From a plain reading of the statute that remains in place, though, this is little more than a tempest in a teapot. 2 U.S.C. section 441e prohibits foreign principals, including corporations organized under foreign law, from either “directly” or “indirectly” involving themselves in the U.S. electoral process, either through direct contributions to candidates or “independent expenditures” in support of candidates. While the Citizens United ruling said that the ban on corporate independent expenditures was a violation of the First Amendment, it did nothing to touch this prohibition on foreign participation. If a foreign corporation sought to circumvent the direct ban by indirectly, through the use of a U.S. subsidiary, doing what the statute prohibited directly, the statute would consider that an illegal act.  

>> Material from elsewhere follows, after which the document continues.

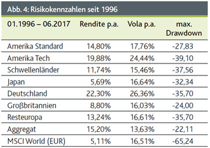 Dadurch ergibt sich eine deutliche Verbesserung der Risiko- und Ertragskennzahlen im Aggregat sowohl gegenüber den Einzelmärkten als auch gegenüber der Benchmark des Aggregats, dem MSCI World (siehe Abb. 2), und auch gegenüber global anlegenden Buy-and-hold-Aktienfonds. Vor allem aber ergibt sich ein robuster Ertragspfad mit konstanter Wertentwicklung. Die Schwankungsintensität (Volatilität) und das Ausmaß der vorübergehenden Einbrüche (Drawdowns) werden stark verringert. Dieser Diversifikationseffekt kommt maßgeblich durch die im Zeitablauf unterschiedlich stark ausgeprägten Trendphasen der einzelnen (Teil-)Märkte zustande.

As Brad Smith points out, the FEC regulations expressly prohibit such acts, stipulating that a

foreign national shall not direct, dictate, control, or directly or indirectly participate in the decision making process of any person, such as a corporation, labor organization, political committee, or political organization with regard to such person’s Federal or non-Federal election-related activities, such as decisions concerning the making of contributions, donations, expenditures, or disbursements in connection with elections for any Federal, State, or local office or decisions concerning the administration of a political committee.

In other words, there is no loophole in play — FEC regulations already contemplate the problem and deal with it. It is only where a U.S. subsidiary makes a decision without any input whatsoever from its foreign parent that such an act might be protected.